EXERCISE DATA:
....................
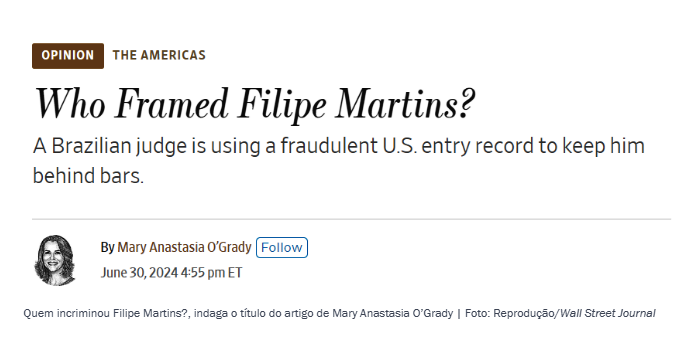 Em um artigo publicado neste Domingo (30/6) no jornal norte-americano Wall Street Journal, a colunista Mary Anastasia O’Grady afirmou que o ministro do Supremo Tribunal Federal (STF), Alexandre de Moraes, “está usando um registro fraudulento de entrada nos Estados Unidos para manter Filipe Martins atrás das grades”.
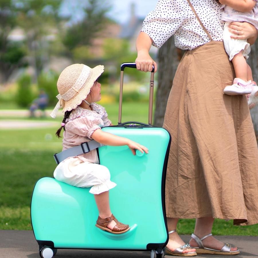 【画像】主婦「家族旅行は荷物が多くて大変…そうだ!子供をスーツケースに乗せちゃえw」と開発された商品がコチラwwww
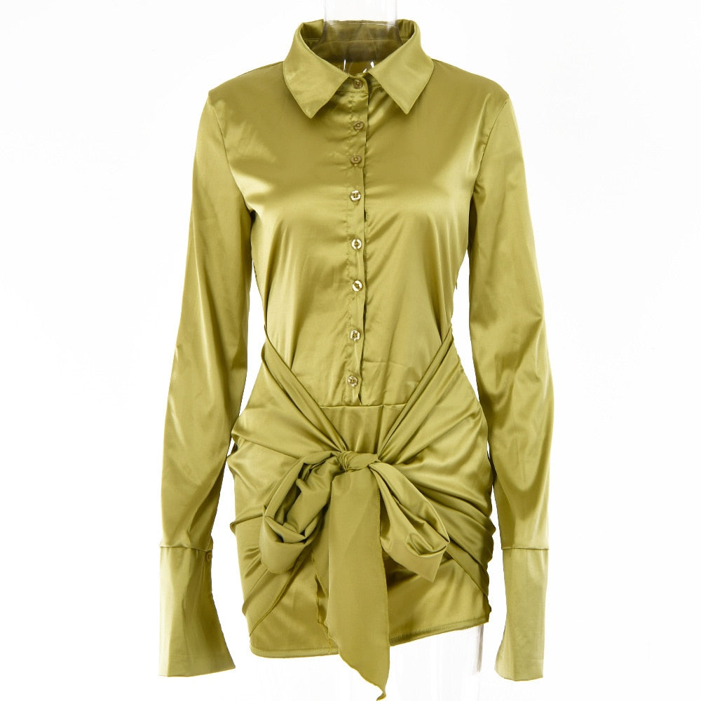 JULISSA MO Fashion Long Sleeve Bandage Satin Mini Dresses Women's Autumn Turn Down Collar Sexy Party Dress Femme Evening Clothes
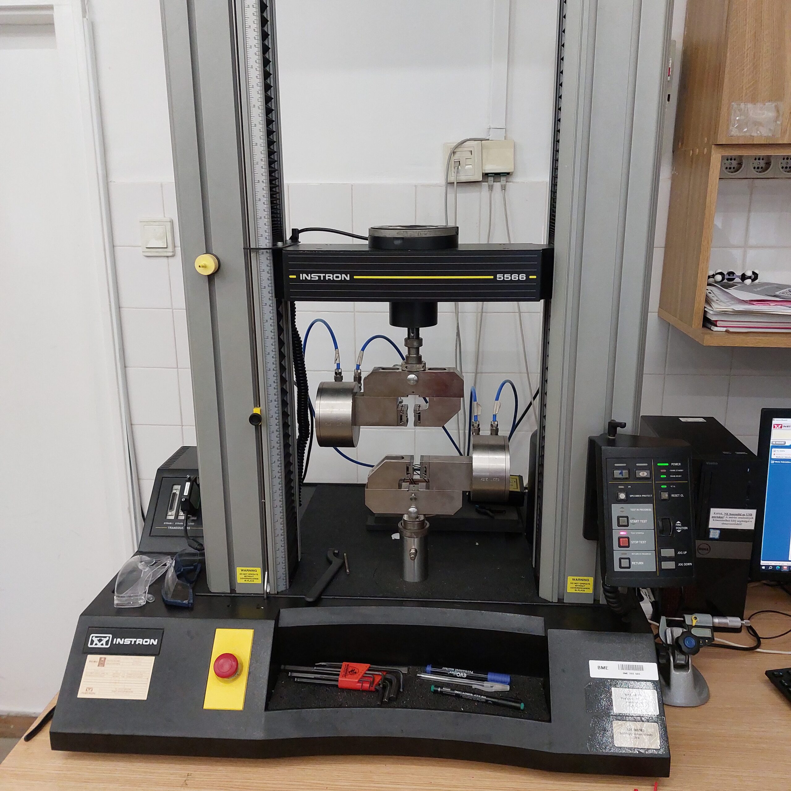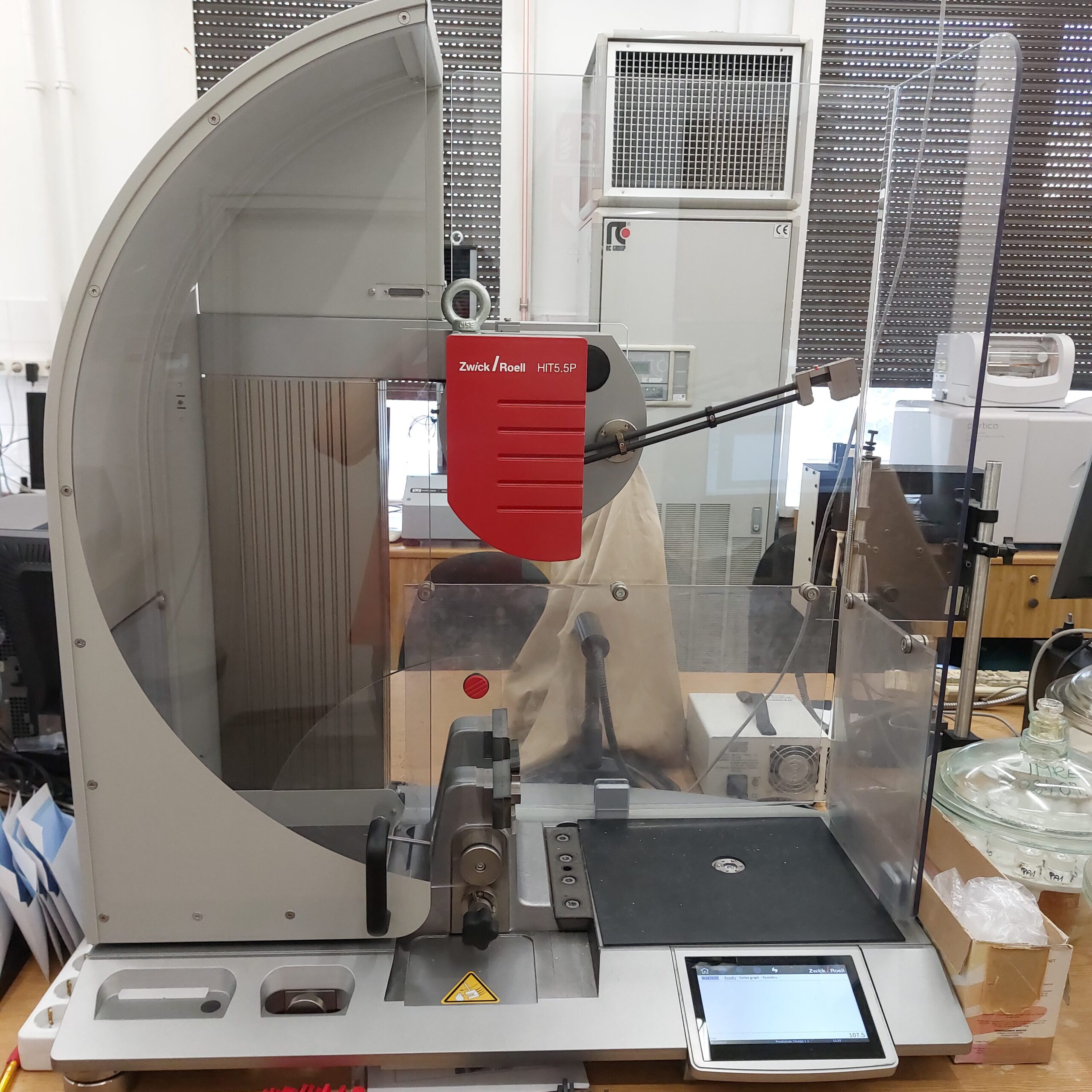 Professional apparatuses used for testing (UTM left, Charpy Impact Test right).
....................
EXERCISE BRIEF: Line for line, retype the material exactly, omitting any pictures.

SOLVED EXERCISE:
 Em um artigo publicado neste Domingo (30/6) no jornal norte-americano Wall Street Journal, a colunista Mary Anastasia O’Grady afirmou que o ministro do Supremo Tribunal Federal (STF), Alexandre de Moraes, “está usando um registro fraudulento de entrada nos Estados Unidos para manter Filipe Martins atrás das grades”.
 【画像】主婦「家族旅行は荷物が多くて大変…そうだ!子供をスーツケースに乗せちゃえw」と開発された商品がコチラwwww
 JULISSA MO Fashion Long Sleeve Bandage Satin Mini Dresses Women's Autumn Turn Down Collar Sexy Party Dress Femme Evening Clothes
 Professional apparatuses used for testing (UTM left, Charpy Impact Test right).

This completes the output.